*TASK INSTRUCTIONS*
Among the lines below, output only those between the line holding "Průhledný šedý rám, stříbrné" and the line holding "Een Lieveheersbeestje Rugzak", inclusive, exactly as written and with no pictures.

Start of DATASET RECORDS

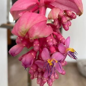 オオバヤドリノボタン (大葉宿野牡丹) メディニラ・マグニフィカ Medinilla magnifica;ノボタン科メディニラ属 前のヒスイカズラと同じくフィリピン原産🇵🇭 この薄いピンク色もいいですね 💕 花がチラホラ シベがノボタン❗️ 夏日の温室はムッとして 💦
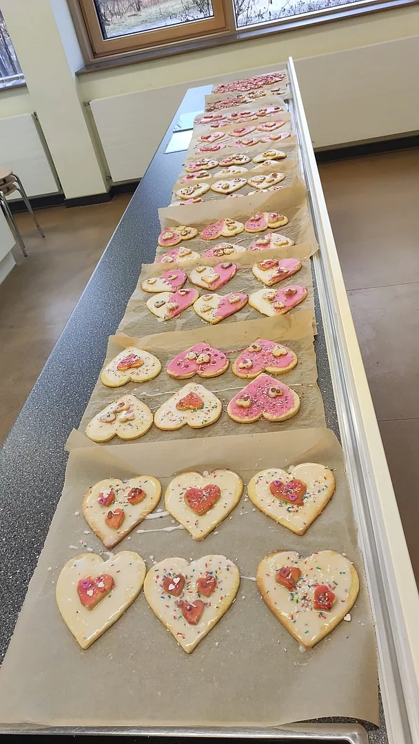 Die Projektarbeit zum Thema „Wirtschaften für einen Markt“ im Rahmen des Faches Wirtschaft und Beruf wurde für die Schülerinnen und Schüler der Klasse 8A zu einem tollen Erfolg. Gemeinsam wollten sie für die gesamte Schule süße Valentinsgrüße aus eigener Herstellung anbieten. Dafür mussten viele kleine Schritte sinnvoll geplant, Aufgaben verteilt und Zeitpläne erstellt werden. Von der Ideensammlung bezüglich passender Produkte über Einkaufslisten, Produktionsprozesse, „Verpackungsfließbandarbeit“ bis hin zu Preiskalkulation und Verkauf – alle Klassenmitglieder brachten ihre persönlichen Stärken engagiert ein, was das Projekt zu einem echten Erfolg werden ließ.
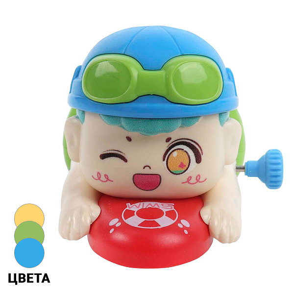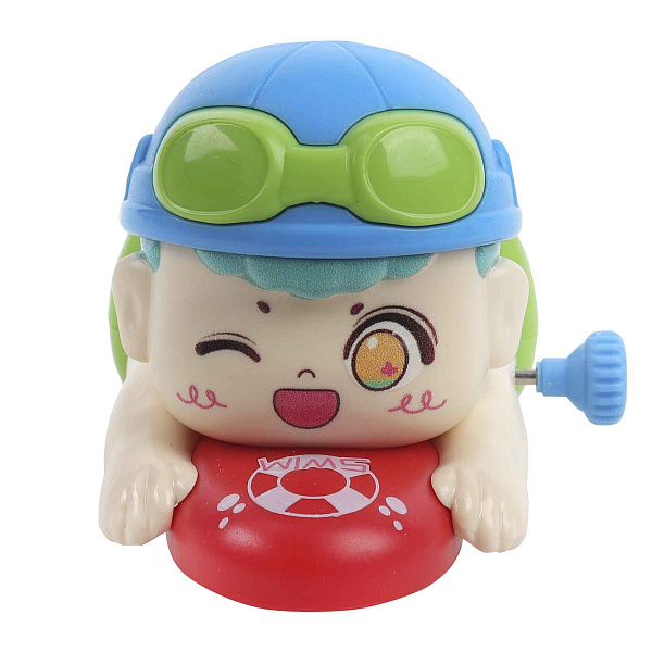 Игрушка заводная «Мальчик-серфер» - это забавная и подвижная фигурка, выполненная в стиле милого мультяшного персонажа. Мальчик лежит на доске для серфинга, одет в яркий купальный костюм и шлем с очками - все это создает образ веселого любителя приключений.
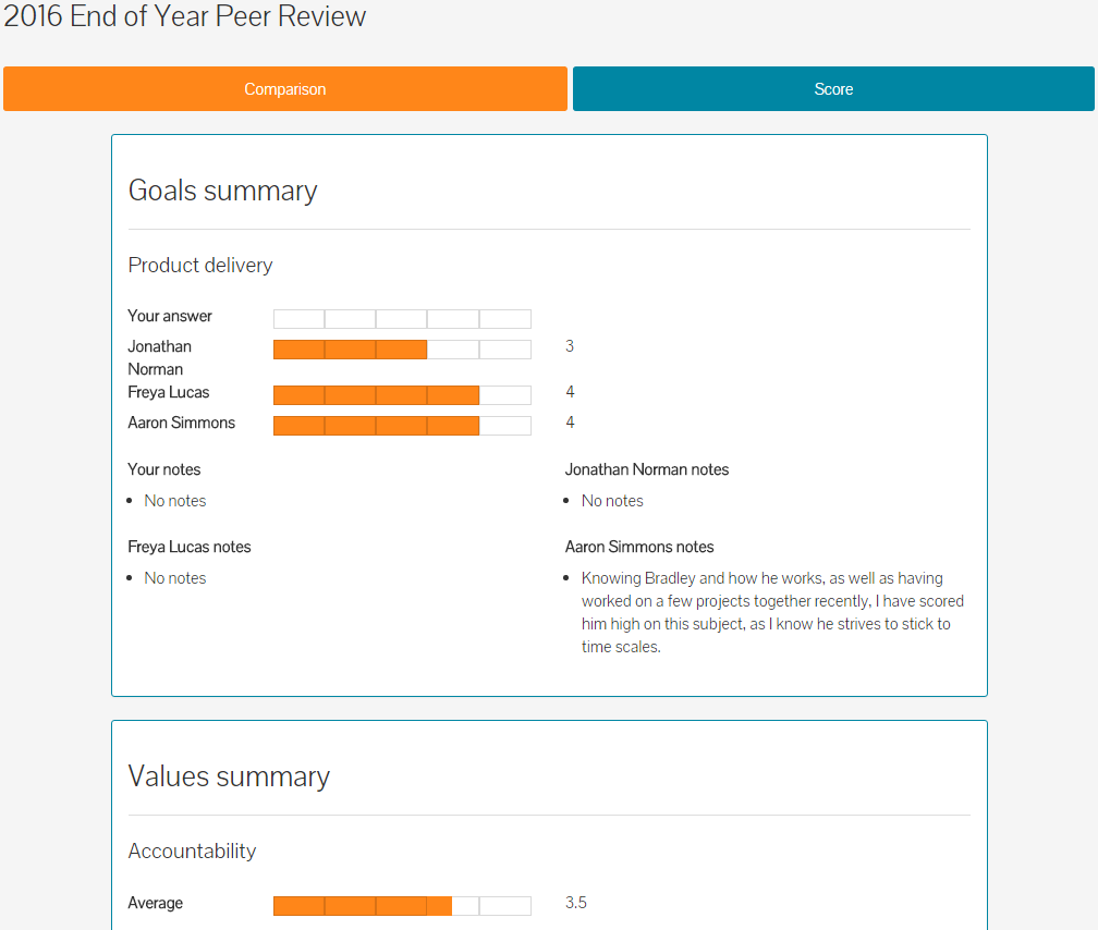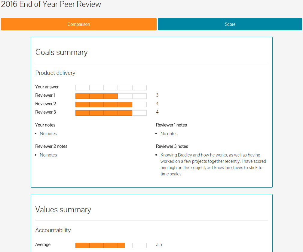 - HR Administrator (peer reviewer) – As an HR administrator, you can view all reviews scores and additional notes on each question, or section, including your own.
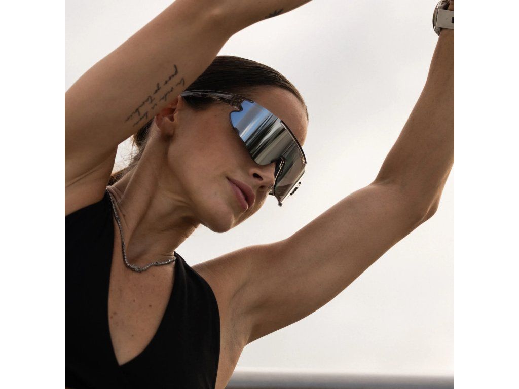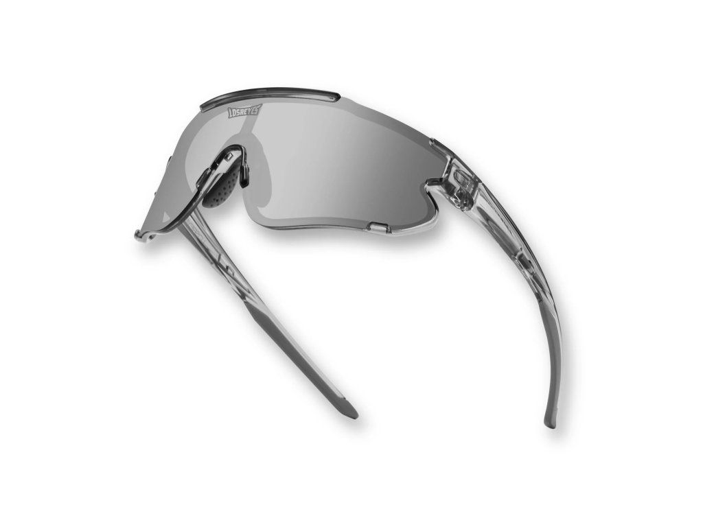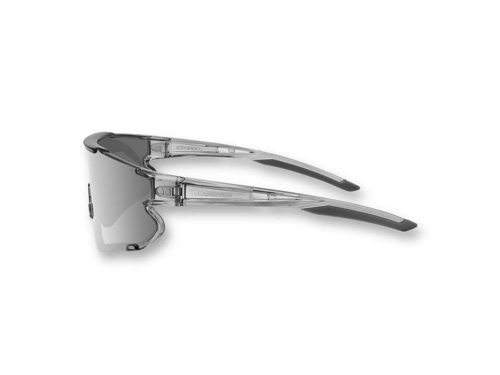 Průhledný šedý rám, stříbrné zrcadlové čočky – výkonné sluneční brýle určené pro sportovce, kteří nechají soustředění mluvit za sebe.
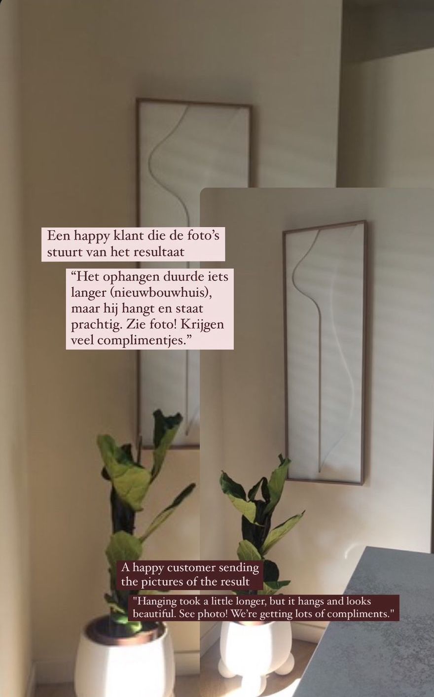Wij zijn goed geholpen en ze hangen exact. Heel gaaf! In het echt nog mooier in de ruimte. Bedankt!
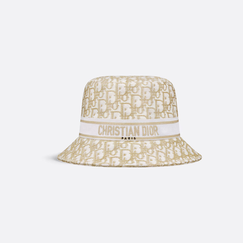 The D-Bobby bucket hat is available this season in an elegant and sophisticated version. Crafted in cotton fully embroidered with the white and gold-tone Dior Oblique motif, it is enhanced by a tonal band embroidered with the Christian Dior Paris signature. Modern and refined, the small brim hat will lend the finishing touch to daytime attire and can be coordinated with other Dior Oblique pieces from the collection.
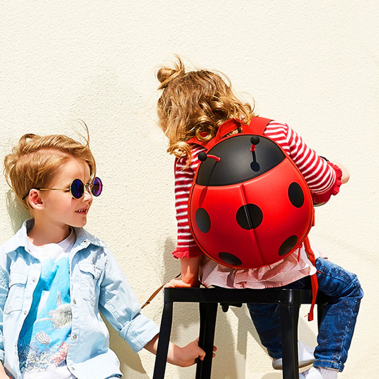 Een Lieveheersbeestje Rugzak met flexibele voelsprieten.
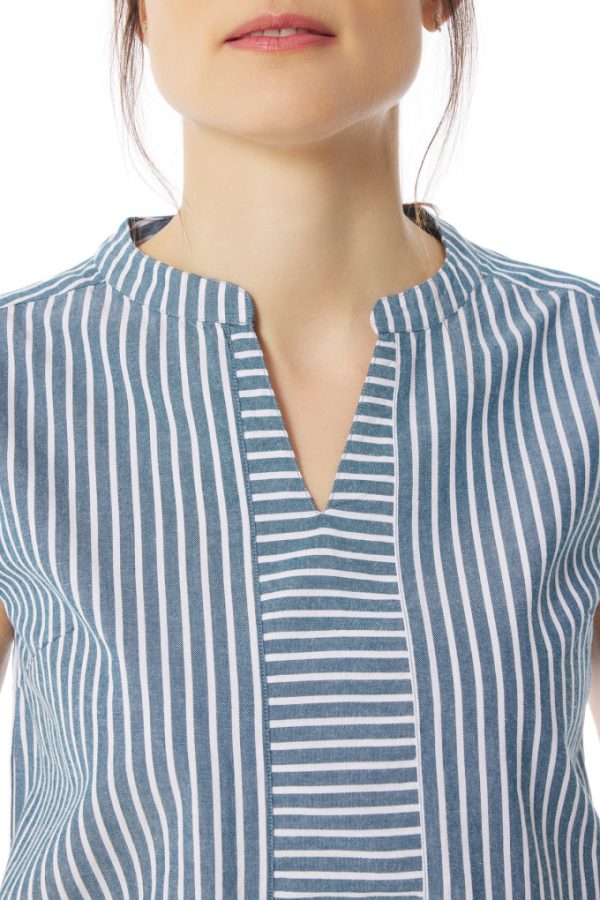 Démarquez-vous avec cette blouse rayée à manches courtes ! Les rayures verticales et le nœud à la taille donnent à ce modèle un style vintage très féminin. Avec sa matière respirante en chambray et et ses manches courtes, c’est le haut idéal pour une balade ensoleillée le long de la plage.

End of DATASET RECORDS

*ANSWER*
 Průhledný šedý rám, stříbrné zrcadlové čočky – výkonné sluneční brýle určené pro sportovce, kteří nechají soustředění mluvit za sebe.
Wij zijn goed geholpen en ze hangen exact. Heel gaaf! In het echt nog mooier in de ruimte. Bedankt!
 The D-Bobby bucket hat is available this season in an elegant and sophisticated version. Crafted in cotton fully embroidered with the white and gold-tone Dior Oblique motif, it is enhanced by a tonal band embroidered with the Christian Dior Paris signature. Modern and refined, the small brim hat will lend the finishing touch to daytime attire and can be coordinated with other Dior Oblique pieces from the collection.
 Een Lieveheersbeestje Rugzak met flexibele voelsprieten.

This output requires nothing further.